→ Aim of the exercise
Output the full listing below exactly; the images stay out.

----------------------------------------

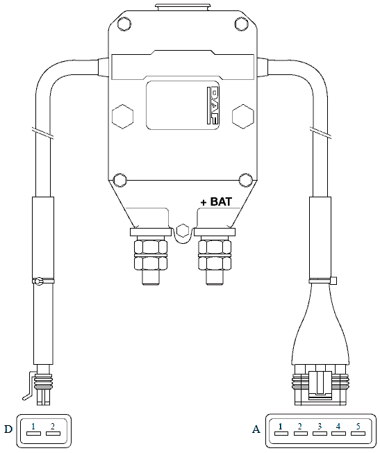 Одновременно включается реле R001, имеется выход 24 В в блоке главного выключателя на контакте D1 для включения реле, и вход сигнала "массы" (0 В) на контакте D2 для проверки наличия соединения
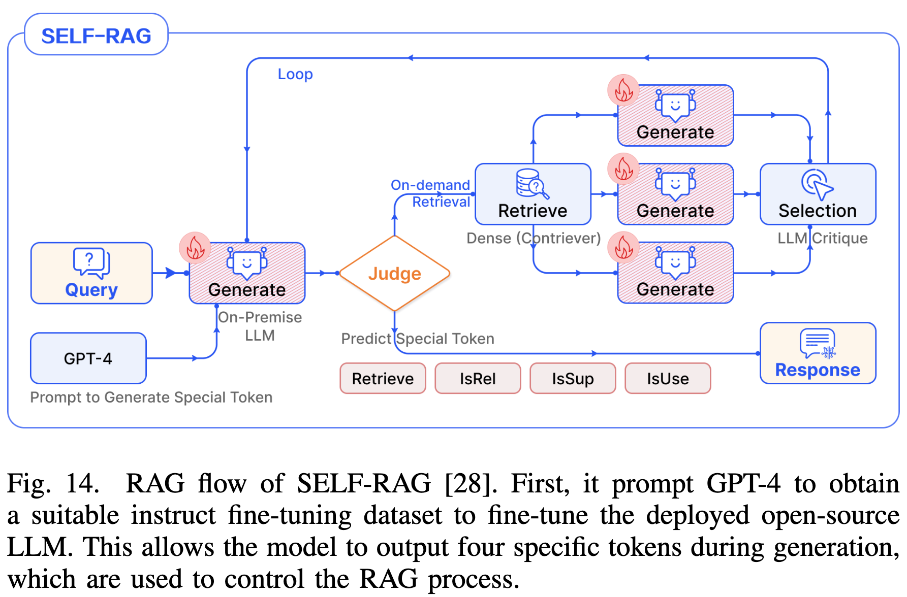 - Self-RAG:训练 LLM 生成特殊的 Reflection Tokens (如
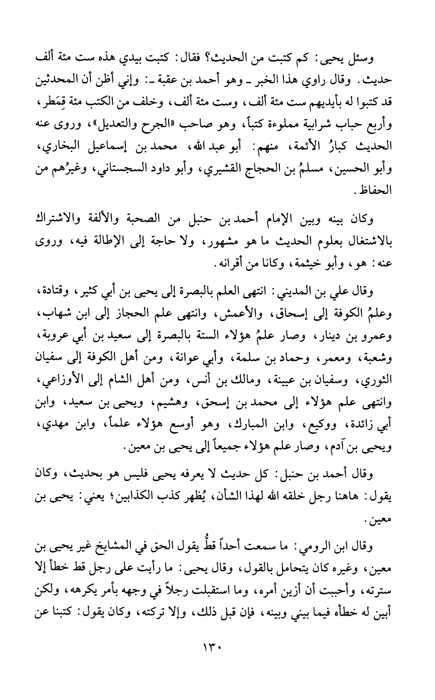 وسئل يحيى: كم كتبت من الحديث؟ فقال: كتبت بيدي هذه ست مئة ألف حديث. وقال راوي هذا الخبر - وهو أحمد بن عقبة -: وإني أظن أن المحدثين قد كتبوا له بأيديهم ست مئة ألف، وست مئة ألف، وخلف من الكتب مئة قِمَطر، وأربع حباب شرابية مملوءة كتبًا، وهو صاحب "الجرح والتعديل"، وروى عنه الحديث كبارُ الأئمة، منهم: أبو عبد الله، محمد بن إسماعيل البخاري، وأبو الحسين، مسلمُ بن الحجاج القشيري، وأبو داود السجستاني، وغيرُهم من الحفاظ.
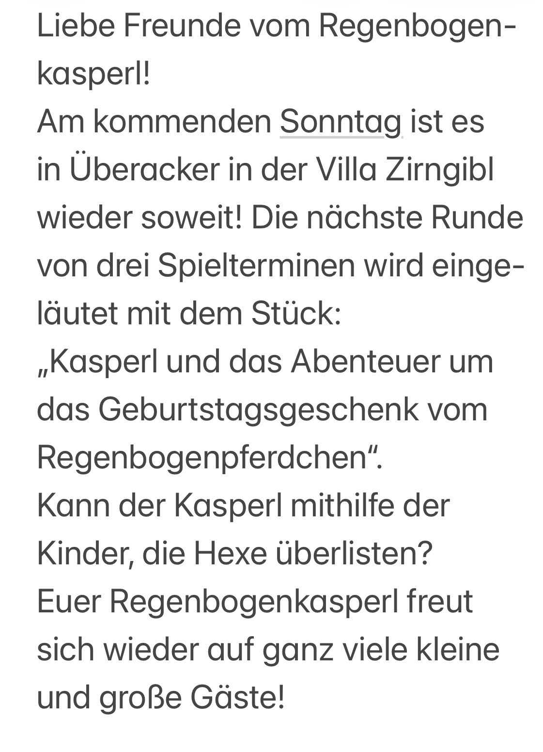 Und wieder beginnt eine neue Spielrunde mit dem Regenbogenkasperl…
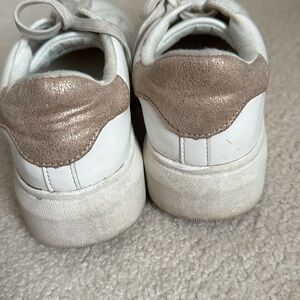Stylish women's sneakers with a sleek white look. Tan details add a touch of contrast. Perfect for casual outings.
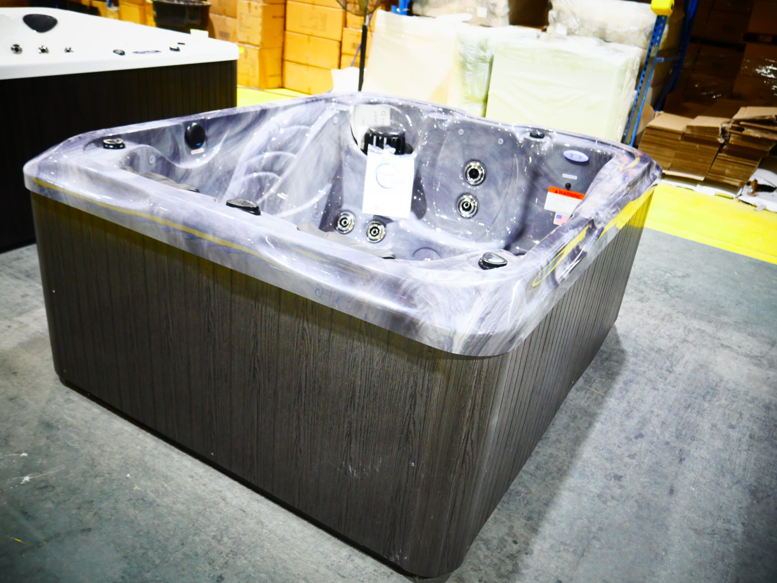 Seats: 3 Jets: 32 Black Jets Pumps: (1) 6 BHP EE 2-Speed Pump Electrical: Hardwired Electrical, 220V 50A Dimensions: 78.25” x 63” x 32″ – 6″ CR Gallons: Min. 180/Max. 210 Weight: 600 lbs. Comments: This unit has an acrylic repair on the corner SKU: AQL-G2-1-2-CIR-U-WI-SCG Serial Number: 219326rb
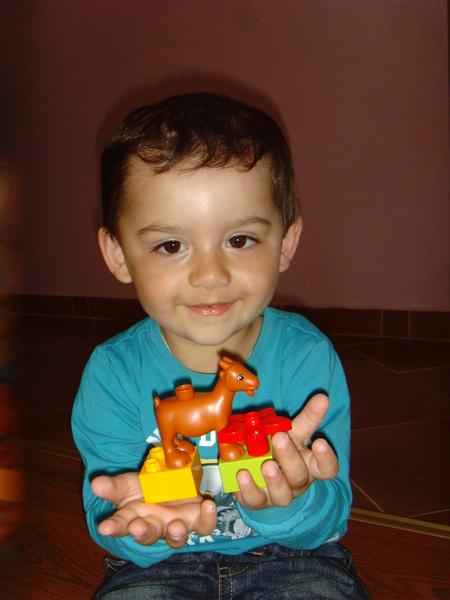 Dobrý den. 😉 S dvouletým synem Michálkem si hraju často.Ovšem vždy když přijdu do pokojíčku se slovy : ´´S čím si chceš hrát?´´ hned začne vytahovat bedýnku s Legem. 🙂 Máme bohužel zatím jen dvě sady,ale vyhrajeme si celá rodina.Když začnu stavět sama tak se Michálek začne rozčilovat a křičí ´´Ne!Jáá!´´.Takže tento výtvor jsme postavili spolu,hrajeme si na ZOO a na obchod,kde zvířátka nakupují ,,Papu´´ 😀 (Abych ještě dodala,díky obchůdku z lega se syn naučil říkat ahoj a dík) 😎
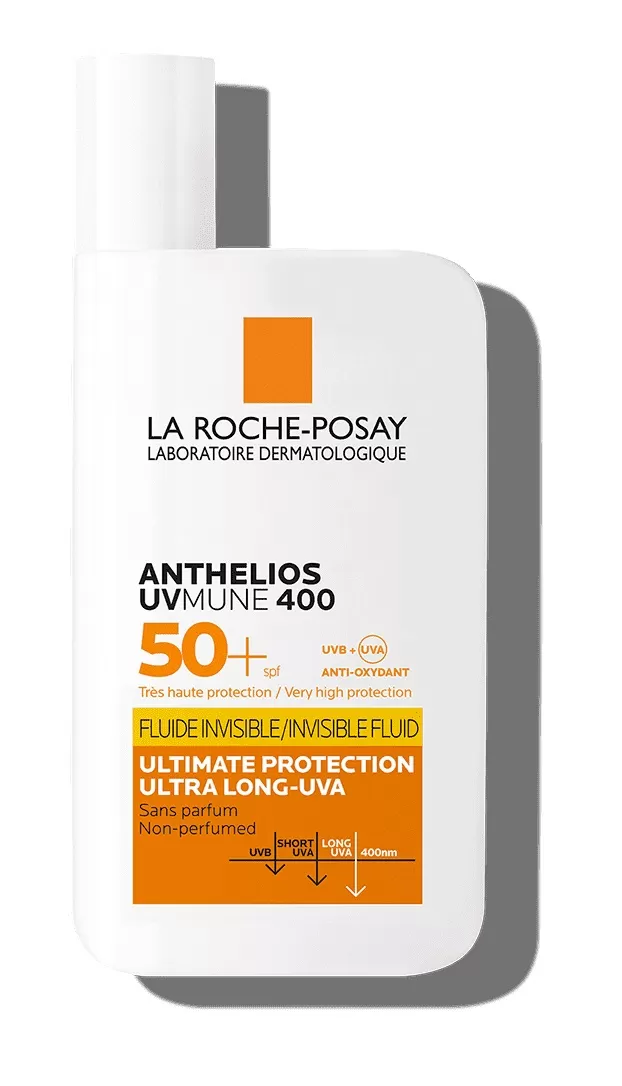ANTHELIOS UVMUNE 400 INVISIBLE FLUID SPF50+ ΧΩΡΙΣ ΑΡΩΜΑ: Με MEXORYL400, το πιο αποτελεσματικό αντηλιακό φίλτρο κατά των πιο επιβλαβών ακτίνων UV: ULTRA ΜΑΚΡΕΣ UVA*. Απόλυτη προστασία (UVB + UVA + ULTRA ΜΑΚΡΕΣ UVA) κατά της βαθιάς κυτταρικής βλάβης. Δοκιμασμένο σε ευαίσθητο, αντιδραστικό και μη ανεκτικό δέρμα. Κατάλληλο για όλους τους τύπους δέρματος, όλους τους φωτότυπους. Χωρίς άρωμα.

----------------------------------------

→ Exercise solution
 Одновременно включается реле R001, имеется выход 24 В в блоке главного выключателя на контакте D1 для включения реле, и вход сигнала "массы" (0 В) на контакте D2 для проверки наличия соединения
 - Self-RAG:训练 LLM 生成特殊的 Reflection Tokens (如
 وسئل يحيى: كم كتبت من الحديث؟ فقال: كتبت بيدي هذه ست مئة ألف حديث. وقال راوي هذا الخبر - وهو أحمد بن عقبة -: وإني أظن أن المحدثين قد كتبوا له بأيديهم ست مئة ألف، وست مئة ألف، وخلف من الكتب مئة قِمَطر، وأربع حباب شرابية مملوءة كتبًا، وهو صاحب "الجرح والتعديل"، وروى عنه الحديث كبارُ الأئمة، منهم: أبو عبد الله، محمد بن إسماعيل البخاري، وأبو الحسين، مسلمُ بن الحجاج القشيري، وأبو داود السجستاني، وغيرُهم من الحفاظ.
 Und wieder beginnt eine neue Spielrunde mit dem Regenbogenkasperl…
Stylish women's sneakers with a sleek white look. Tan details add a touch of contrast. Perfect for casual outings.
 Seats: 3 Jets: 32 Black Jets Pumps: (1) 6 BHP EE 2-Speed Pump Electrical: Hardwired Electrical, 220V 50A Dimensions: 78.25” x 63” x 32″ – 6″ CR Gallons: Min. 180/Max. 210 Weight: 600 lbs. Comments: This unit has an acrylic repair on the corner SKU: AQL-G2-1-2-CIR-U-WI-SCG Serial Number: 219326rb
 Dobrý den. 😉 S dvouletým synem Michálkem si hraju často.Ovšem vždy když přijdu do pokojíčku se slovy : ´´S čím si chceš hrát?´´ hned začne vytahovat bedýnku s Legem. 🙂 Máme bohužel zatím jen dvě sady,ale vyhrajeme si celá rodina.Když začnu stavět sama tak se Michálek začne rozčilovat a křičí ´´Ne!Jáá!´´.Takže tento výtvor jsme postavili spolu,hrajeme si na ZOO a na obchod,kde zvířátka nakupují ,,Papu´´ 😀 (Abych ještě dodala,díky obchůdku z lega se syn naučil říkat ahoj a dík) 😎
ANTHELIOS UVMUNE 400 INVISIBLE FLUID SPF50+ ΧΩΡΙΣ ΑΡΩΜΑ: Με MEXORYL400, το πιο αποτελεσματικό αντηλιακό φίλτρο κατά των πιο επιβλαβών ακτίνων UV: ULTRA ΜΑΚΡΕΣ UVA*. Απόλυτη προστασία (UVB + UVA + ULTRA ΜΑΚΡΕΣ UVA) κατά της βαθιάς κυτταρικής βλάβης. Δοκιμασμένο σε ευαίσθητο, αντιδραστικό και μη ανεκτικό δέρμα. Κατάλληλο για όλους τους τύπους δέρματος, όλους τους φωτότυπους. Χωρίς άρωμα.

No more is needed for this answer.